# Action Congress is Taking Concerning High Drug Costs



## Editorialist (May 17, 2019)

If you are interested in what Congress is doing toward lowering drug prices, here is the following legislations they propose to deal with the issue:

In U. Senate:

S.99 - Medicare Drug Price Negotiation Act  

To amend title XVIII of the Social Security Act to provide for the negotiation of lower covered part D drug prices on behalf of Medicare recipients

S.97 - Affordable and Safe Prescription Drug Importation Act 

To amend the Federal Food, Drug, and Cosmetic Act to allow for the importation of affordable and safe drugs by wholesale distributors, pharmacies, and individuals.

S.102 - Prescription Drug Price Relief Act of 2019  

To significantly lower prescription drug prices for patients in the United States by ending government-granted monopolies for manufacturers who charge drug prices that are higher than the median prices at which the drugs are available in other countries

In the U. S. House of Representatives:

H.R.448 - Medicare Drug Price Negotiation Act 

To amend title XVIII of the Social Security Act to provide for the negotiation of lower covered part D drug prices on behalf of Medicare recipients.
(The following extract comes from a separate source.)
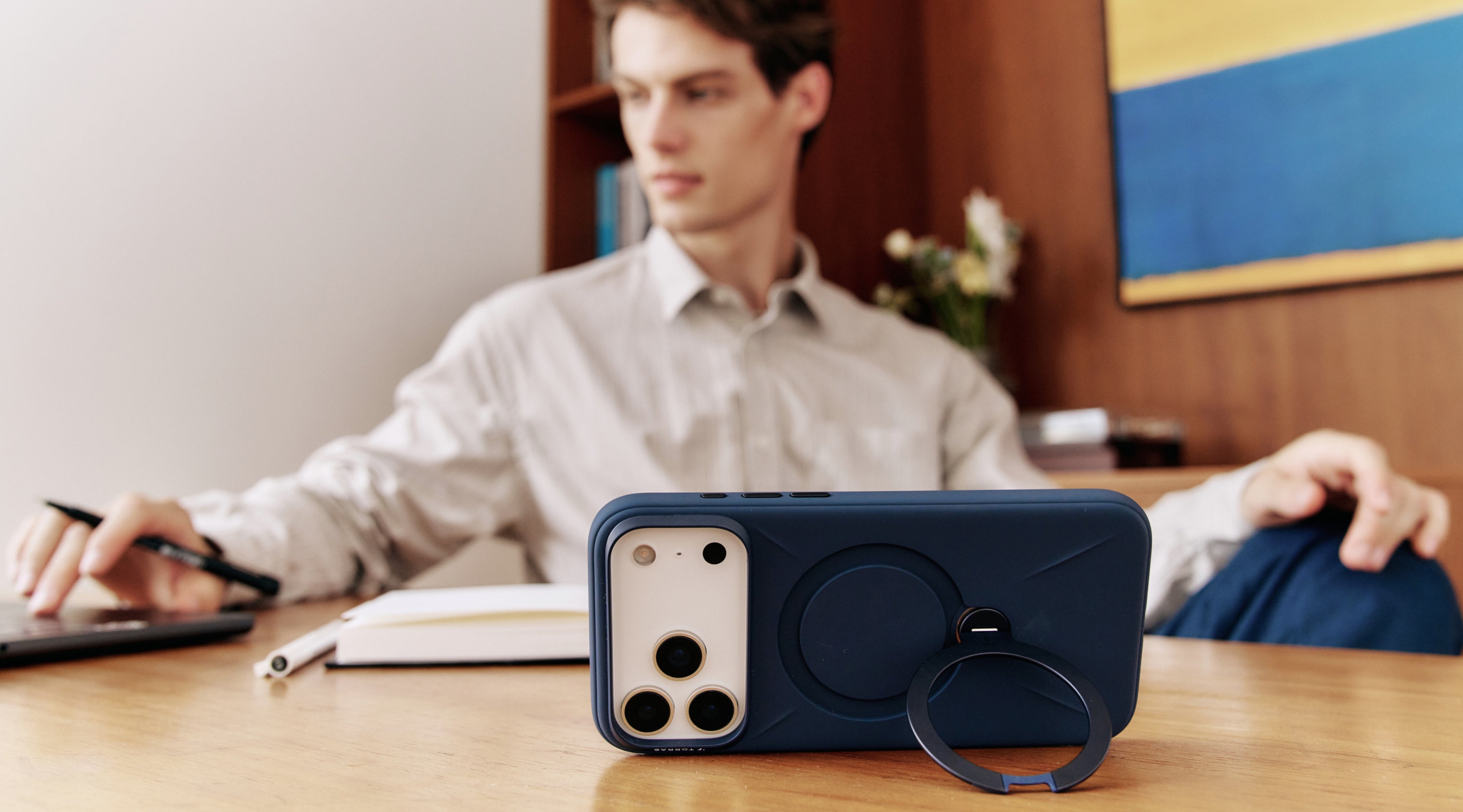 スタンド内蔵の強力マグネットが、MagSafeアクセサリーとの親和性を高めます。モバイルバッテリーも、しっかりと固定。

H.R.447 - Affordable and Safe Prescription Drug Importation Act

To amend the Federal Food, Drug, and Cosmetic Act to allow for the importation of affordable and safe drugs by wholesale distributors, pharmacies, and individuals.

Of course I am very much concerned about this issue and have let them know what I want done with this legislation.


----------



## Don M. (May 17, 2019)

Drug prices in the U.S. are beyond ridiculous.  This past week "60 Minutes" did a piece on the outrageous price hikes taking place in Generic drugs.  I would like to see All of the above legislation passes, but given the huge amount of money the drug companies spend on political campaigns, I doubt that there are few in Congress who are not in the drug companies "hip pocket".  In addition to the current proposals, I would really like to see all drug commercials banned from TV.  The U.S. and New Zealand are the only nations which allow this propaganda to be broadcasted, and you can bet the billions spent on these ads is added to the cost at the pharmacy.


----------



## Geezerette (May 17, 2019)

It is a very complex problem and one that concerns me also. I believe in honest negotiating for prices but only if it were "clean", not having our reps being bought off by or shielding Pharmas in their own state from price cuts. 
I personally know people who are getting some routine meds from Canada, both with & without Rx's
Would only want to see imported drugs which were produced with same quality stds as here, not by child labor in a dirty back alley.
Then, importing brings up the question of tariffs which are already affecting farms and diaries negatively. 
Better quit before I get - "political".


----------



## Trade (May 17, 2019)

Editorialist said:


> If you are interested in what Congress is doing toward lowering drug prices, here is the following legislations they propose to deal with the issue:
> 
> In U. Senate:
> 
> ...



It's an absolute travesty that Medicare isn't allowed to negotiate drug prices.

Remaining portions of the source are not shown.